Obstruktiv

Obstruktiv

Definition

ObstruktivObstruktiv bedeutet „mit einer Obstruktion einhergehend“. Die Bronchien sind „verengt“ oder gar „verschlossen“.

Wenn die Atmung obstruktiv ist, ist das meist am deutlich rasselnden Atemgeräusch zu hören.

Beispiele und Symptome

Krankheitsbilder, die von Obstruktion beherrscht sind, stellen das Schlafapnoesyndrom, wie auch die Bronchitis, die sowohl obstruktiv als auch restriktiv sein kann dar. Diese gewinnen zunehmend an Bedeutung.

Im Vordergrund steht das Atemgeräusch, das vor allem bei Anstrengung deutlich zunimmt. Ist die Atmung obstruktiv, kann Atemnot die Folge sein. Eine Blähung der Lunge, welche anfangs noch reversibel ist, tritt hinzu.

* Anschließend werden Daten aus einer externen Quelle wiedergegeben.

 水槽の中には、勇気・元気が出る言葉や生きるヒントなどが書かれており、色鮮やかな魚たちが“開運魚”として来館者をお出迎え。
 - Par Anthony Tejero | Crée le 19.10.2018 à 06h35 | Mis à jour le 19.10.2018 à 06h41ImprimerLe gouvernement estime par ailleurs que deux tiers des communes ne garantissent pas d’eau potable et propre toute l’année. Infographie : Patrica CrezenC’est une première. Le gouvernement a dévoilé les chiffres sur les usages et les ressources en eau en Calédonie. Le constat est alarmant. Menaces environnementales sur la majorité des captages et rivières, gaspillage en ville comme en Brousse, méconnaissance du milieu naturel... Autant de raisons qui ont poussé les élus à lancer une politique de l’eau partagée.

Ist die Atmung längere Zeit obstruktiv, wird das Herz dauerhaft überlastet, mit der Gefahr einer Rechtsherzvergrößerung.

Ursachen und Diagnose

Da der Begriff der „Obstruktion“ nur ein Symptom aus völlig unterschiedlichen Krankheitsbildern darstellt, lassen sich keine einheitlichen Ursachen oder Definition finden, sondern verschiedene Beispiele.

Für viele Krankheitsbilder, bei denen die Atmung obstruktiv wird, gilt, dass sie vor allem durch Umweltschadstoffe ausgelöst werden.

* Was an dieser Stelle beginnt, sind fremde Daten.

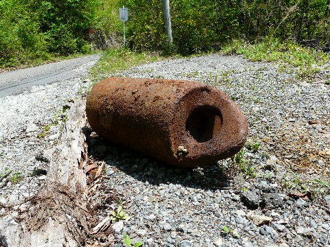 さらに鉱山道路を南下する自分・・・ すると・・・ 道路わきに、茶色い物体が落ちているのに気づき慌てて停まりました! 真っ赤に錆付いたガスボンベ? って言うか、まるで不発弾みたいな格好・・・(汗) もしかして、北の将軍様が打ち上げたロケットらしい物の残骸?(落) んな訳はありませんが!!(笑) だって、ここは東北じゃありませんからね! 秩父の山奥ですし。 とりあえず、その茶色い物体に駆け寄る自分。 いい加減暑いので、こんな物は無視したい気分なのもありますが・・・ イチイチ、ヘルメットを脱ぐのも面倒なくらいなんですけど・・・(涙) 次ぎにヘルメットを買うときは、絶対にシステムタイプ(前側半分が開くヤツ)にしようと、この時に思わず考えちゃいましたし・・・ そんな状態でも「とりあえずネタになりそうだから」と! で・・・ 結局、何が落ちていたのかと言えば・・・ 単なるウェイト。 ワイヤーなんかの張りを調整するための錘です! 一体何で、こんな所に落ちてるのか? 撤去した索道施設の残骸を運ぶ途中に、トラックの荷台から落ちたのか? いくらなんでも、不法投棄には思えませんしね! 色々と謎は残りますが・・・ 暑いので、あまり細かい事を考えるのはヤメにして・・・(棄) 再びヘルメットを被って、走り出そうとした時!!(ロックオン) 何かの気配を感じたんです!! さ!? その気配の正体とは!?(迫) 明日に続く!

Diese wirken die Atemwege verschließend. Die Bedeutung dieser Ursache nimmt stetig zu.
Verschmutzungen der Atemluft, wie Zigarettenrauch reizen die Schleimhaut und die Hautschichten der Atemwege, wodurch diese verengt werden.

Nicht nur aktives, sondern auch passives Rauchen wirkt die Atemwege verschließend.

Ebenso Bakterien oder physiologische Ursachen, wie ein Bronchialkarzinom wirken verschließend.

Zur Diagnose, ob die Atemwege obstruktiv sind, gehört neben einer eingehenden körperlichen Untersuchung, vor allem auch ein Lungenfunktionstest.

Dieser misst wie verengt die Bronchien sind, wie viel Sauerstoff das Herz beim Einatmen noch erreicht.

Behandlung

Wenn die Atmung durch akute Bronchitiden obstruktiv ist, ist oft ein Bakterium der Auslöser. Eine genaue Definition erfolgt über eine Blutuntersuchung.

Um die Atmung zu erleichtern, damit diese nicht mehr obstruktiv ist, wird in vielen Fällen mit entsprechenden Medikamenten und Schleimlösern inhaliert.

Beispiele, die einen operativen Eingriff zur Folge hätten und heutzutage an Bedeutung gewinnen, wären ein Karzinom oder fortgeschrittene COPD.